The symphony opens with a fanfare figure in the brass which Tchaikovsky called the “chief thought of the whole symphony” and a representation of “Fate, the fatal power which hinders one in the pursuit of happiness.” Tchaikovsky was quite explicit in saying that he had in mind Beethoven’s Fifth Symphony, supposedly the original “Fate” symphony, which begins in a dark minor key but ends in triumphant major.
After the introductory Fate motif dies away, Tchaikovsky begins the largest symphonic movement that he had yet written. The movement is in 9/8 time, an unusual meter for a symphonic movement and one which gives the impression of a melancholy waltz. David Brown, the distinguished Tchaikovsky scholar, has done some brilliant detective work about the theme, deducing that it is pieced together from two themes from Bizet’s opera Carmen, which Tchaikovsky had seen in Paris in 1876 and which overwhelmed him by its own concept of Fate.
We expect a movement in sonata form to have a contrasting second theme and Tchaikovsky actually gives two. The psychological import of these themes is again explained by the composer. If the first theme expressed the idea that Fate is invincible and can’t be overcome, these new themes provide escape. “Is it not better to turn away from reality and submerge yourself in daydreams?” The first of the themes begins with a clarinet solo in mincing rhythm with comments from other woodwinds. The other is a gentle theme in rocking rhythm played by the violins, signifying the possibility of happiness. “Everything gloomy, joyless is forgotten.” Very simply put, the remainder of this vast movement explores the possibilities of these contrasting themes and their psychological implications. The menacing Fate motif is clearly heard in the brass several times.

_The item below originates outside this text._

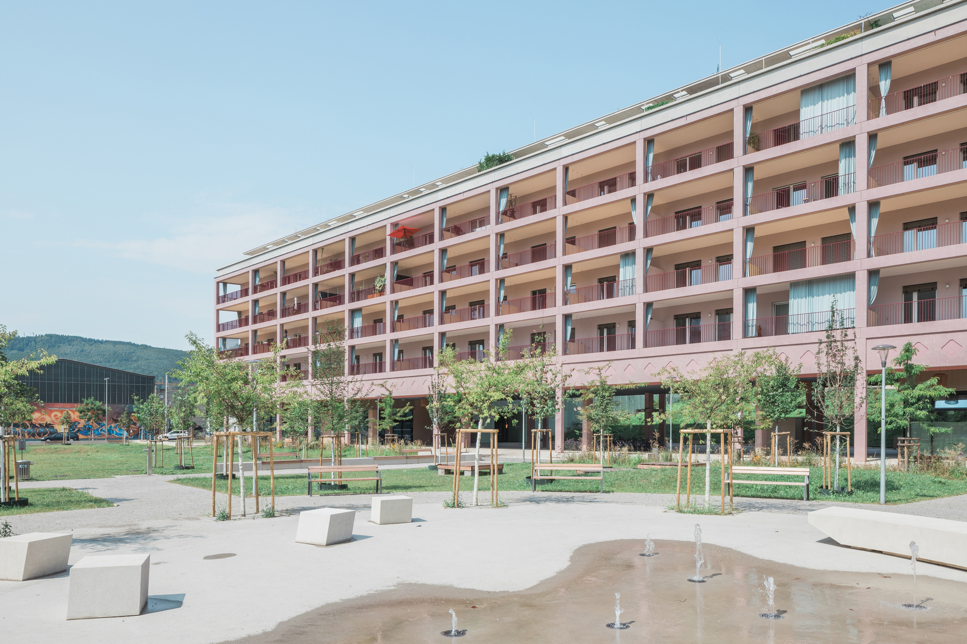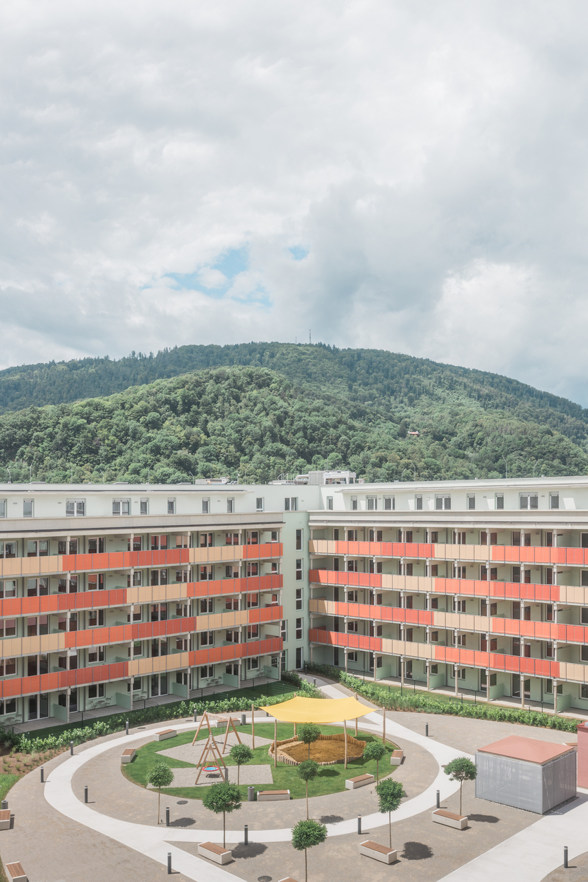 Für das Baufeld Nord der Wohnbau Smart City übernimmt das Quadrat in abgewandelter Form die typische Dimension eines Grazer Blocks aus der Gründerzeit und wird variiert. Es ergibt sich eine klare Differenzierung zwischen dem öffentlichen Straßenraum und einem großzügigen Innenhof. Dieser ist ebenerdig mit dem südlich vorgelagerten öffentlichen Park verbunden. An den „Grenzen“ zwischen dem Innen des Hofs und dem Außen des Parks finden sich gemeinschaftlich genutzte Flächen für Spielen, Kochen, Arbeiten und Weiteres.

The slow second movement with its expressive oboe solo evokes a gentler melancholy about which the
composer writes: “This is that melancholy which comes in the evening when, weary from labour, you are sitting alone. You take a book- but it falls from your hand. There comes a whole host of memories…There were happy moments when young blood boiled, and life was satisfying. There were also painful moments, irreparable losses. It is both sad, yet somehow sweet, to immerse yourself in the past.”
The famous third movement scherzo marks a turning point in the symphony, introducing a new feeling of lightness. Tchaikovsky orchestrates in masterly fashion, omitting percussion but dividing the orchestra into the remaining three families. The opening string section with its novel pizzicato effect presumably is an imitation of the balalaika. The woodwind family then follows with its sprightly tune, followed by the brass. The composer’s comments state that we are hearing disjointed images including the sounds of drunken peasants, a street song, and a military procession.

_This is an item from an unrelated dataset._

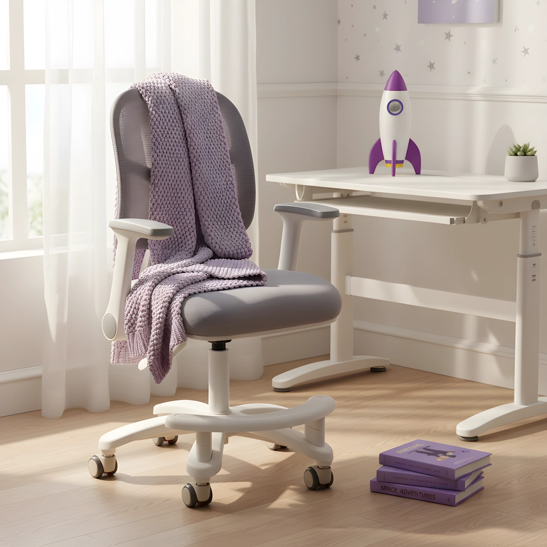 Zaawansowana regulacja wysokości pozwala dopasować krzesło do wzrostu dziecka i biurka. Stabilna podstawa posiada

The jubilant finale begins with an explosion in F major, symbolizing, like the finale of Beethoven’s Fifth Symphony, that joy has finally triumphed over Fate. Tchaikovsky’s commentary states that joy is to be found “among the people”, a notion that he may have borrowed from Tolstoy’s Anna Karenina, which had been recently published. For his second theme Tchaikovsky uses a well- known Russian folk song called There Stood a Little Birch, which recurs several times. Finally, the menacing Fate theme casts its melancholy shadow one more time near the end of the movement but is vanquished by another outburst of joy. “Rejoice in others’ rejoicing”, the composer tells us. “To live is still possible!”